You can define $T(h,b)$ as the number of trees of height $h$ with $b$ leaves at the bottom. Your $N(h)$ is then the sum over $b$ of $T(h,b)$ To get a tree of height $h+1$ and $b$ leaves on the bottom, you pick a tree of height $h$ and at least $b/2$ leaves on the bottom, then pick $b/2$ leaves to hang new leaves from. This gives a recurrence $$T(h+1,b)=\sum_{k=b/2}^{2^h}T(h,k){k \choose b/2}$$ We have $T(3,2)=8, T(3,4)=8, T(3,6)=4, T(3,8)=1$, giving the total of $21$ cited by TravisJ. Then $T(4,2)=8 \cdot 2 + 8 \cdot 4 + 4 \cdot 6 + 1 \cdot 8=80, T(4,4)=8\cdot 1+8\cdot 6 + 4 \cdot 15+1\cdot 28=144, T(4,6)=8\cdot 4+4 \cdot 20+1\cdot 56=168,T(4,8)=8\cdot 1+4\cdot 15+1\cdot 70=138,T(4,10)=4\cdot 6+1\cdot 56=80,T(4,12)=4\cdot 1+1\cdot 28=32,T(4,14)=8,T(4,16)=1$ for a total of $N(4)=651$ The sequence is given in OEIS A001699 where it is said to approach $1.5028368...^{(2^n)}$ and some references are given.

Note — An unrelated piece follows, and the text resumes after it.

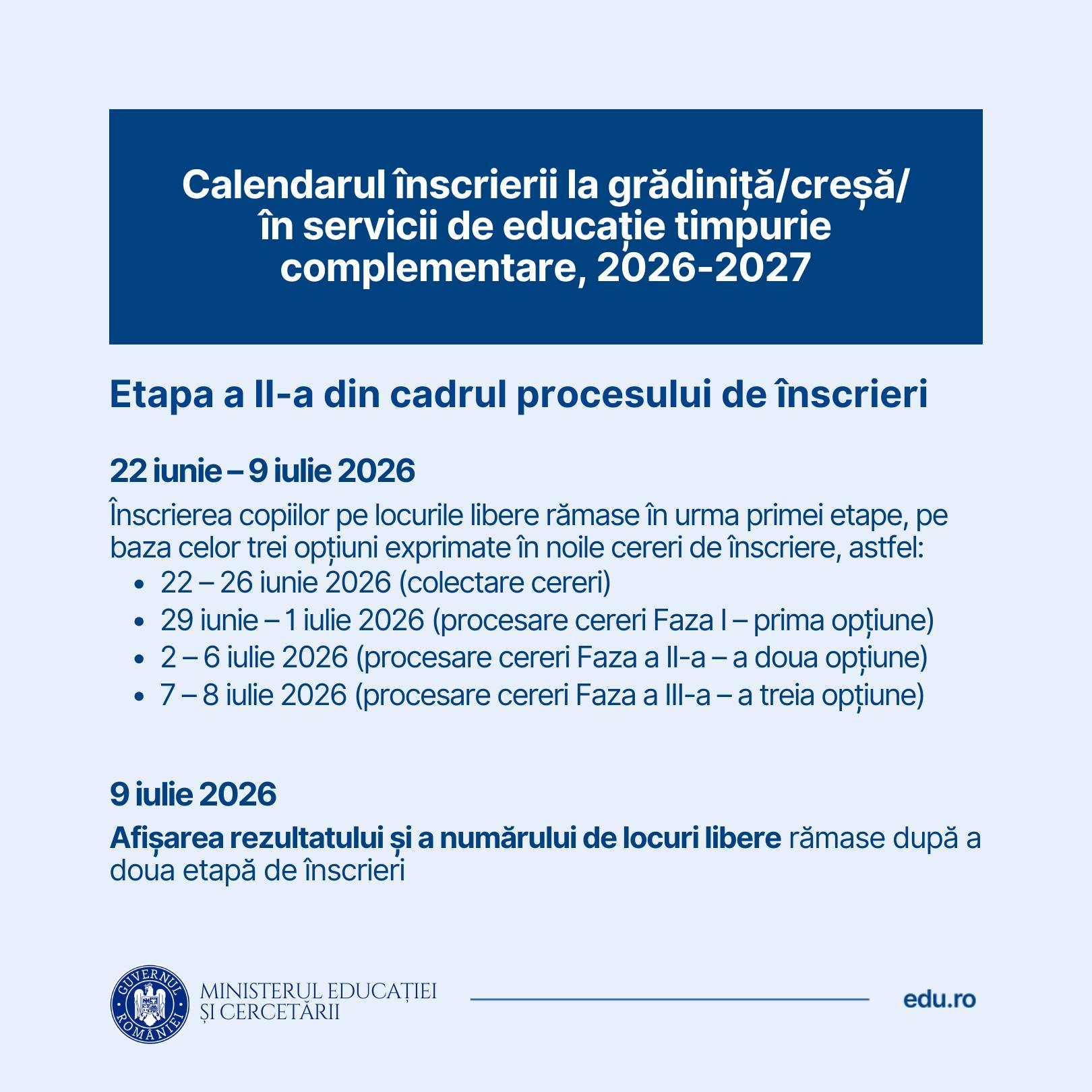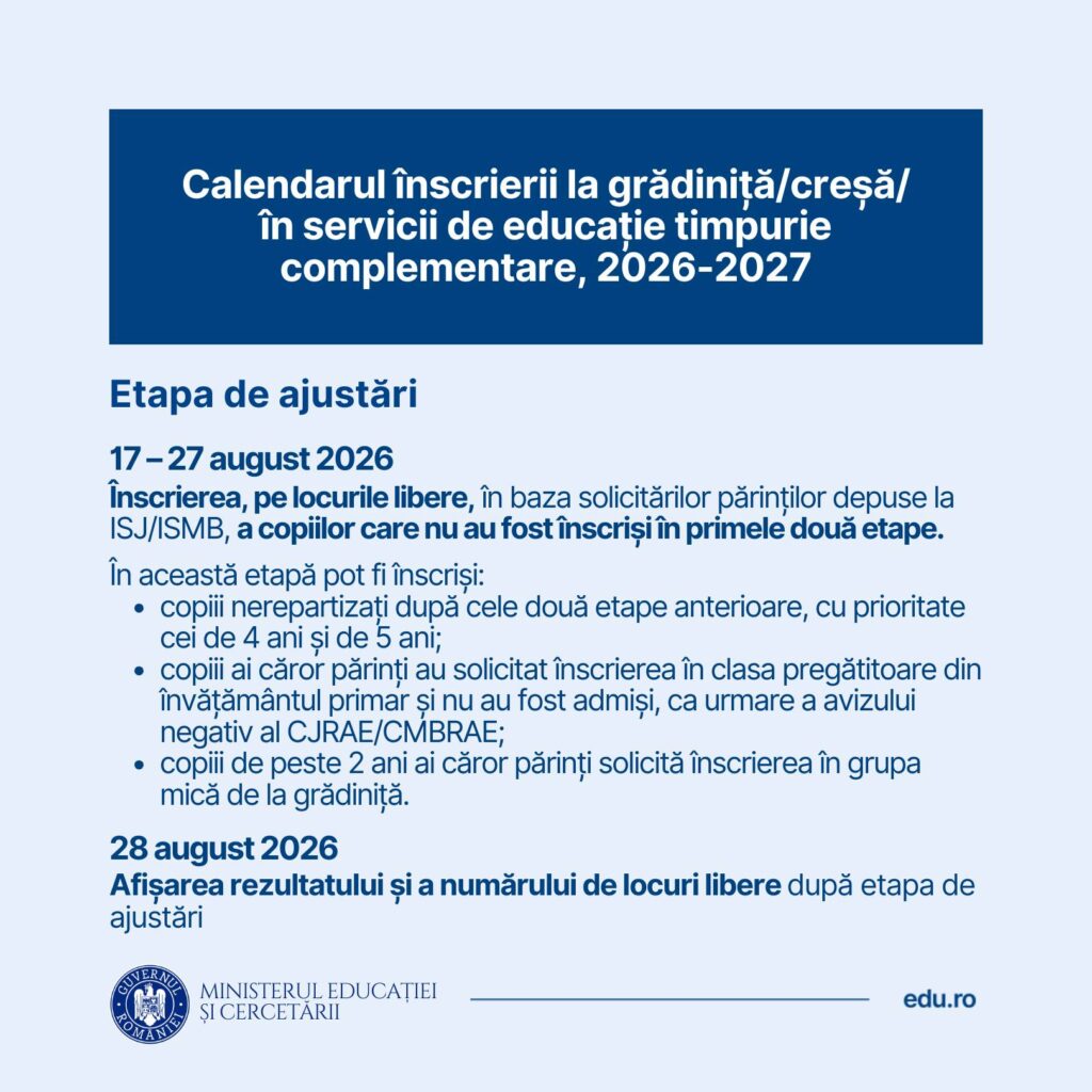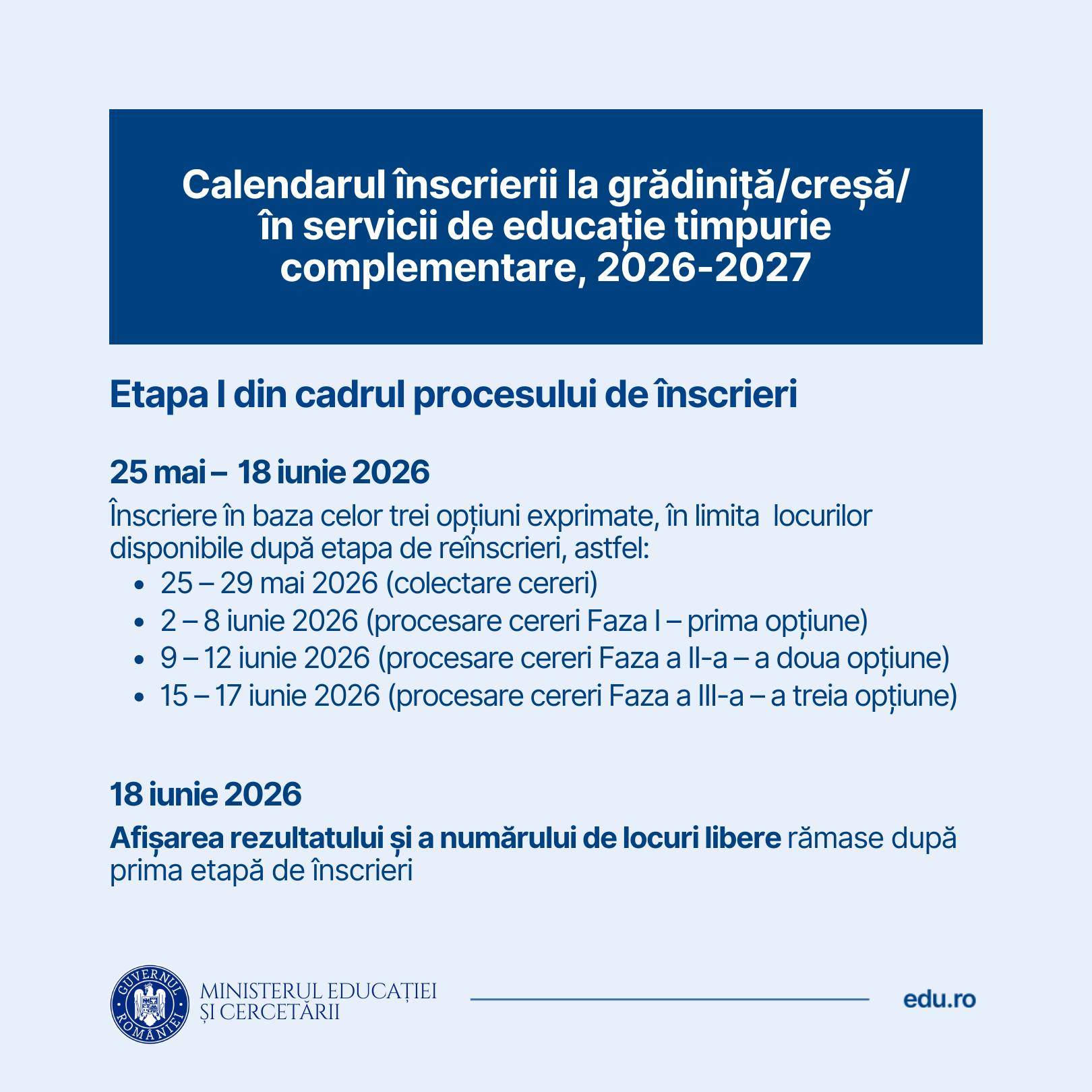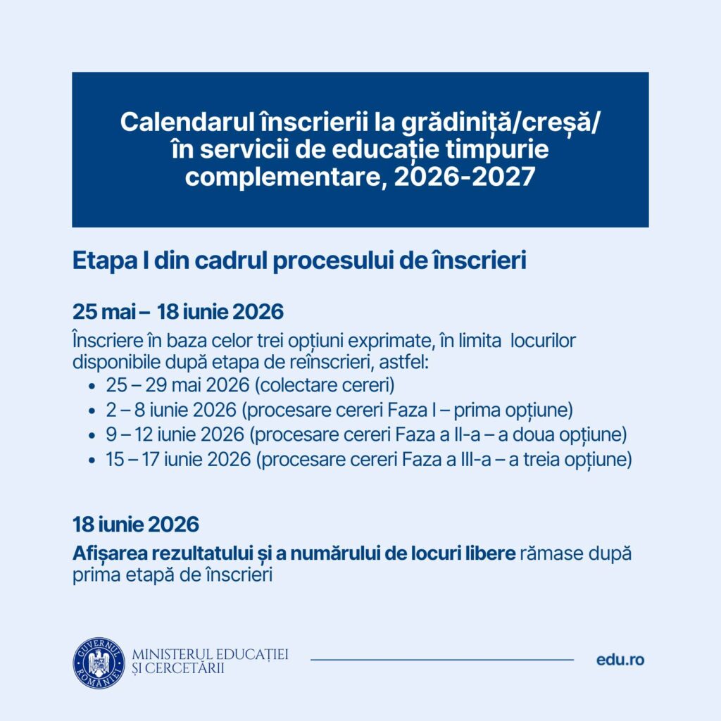 Pentru a sprijini familiile în procesul de înscriere, Ministerul Educației a anunțat că va publica, în perioada următoare, un material în format întrebare – răspuns. Acesta va include principalele informații legate de înscrierea copiilor la creșă, grădiniță și în serviciile de educație timpurie complementare pentru anul școlar 2026-2027.

Let's consider all possible ways of constructing a full binary tree of height at most $h \geq 1$. The root has either $0$ or $2$ children, so one possibility is that the tree is just a single node. On the other hand, the number of full binary trees such that the root has two children, is equal to the square of the number of full binary trees of height at most $h - 1$. Therefore, we obtain the recurrence
\begin{align} N(0) & = 1 \\ N(h) & = N(h - 1)^2 + 1 \text{ if } h \geq 1 \end{align}
It follows that $2^{2^{h-1}}$ is a lower bound. On the other hand, $2^{2^{2 h}}$ is an upper bound so the complexity is doubly exponential. I suspect there is a closed form as well.
Note that $N(3) = 26$ here does not disagree with the other answers since they consider trees of height exactly $h$.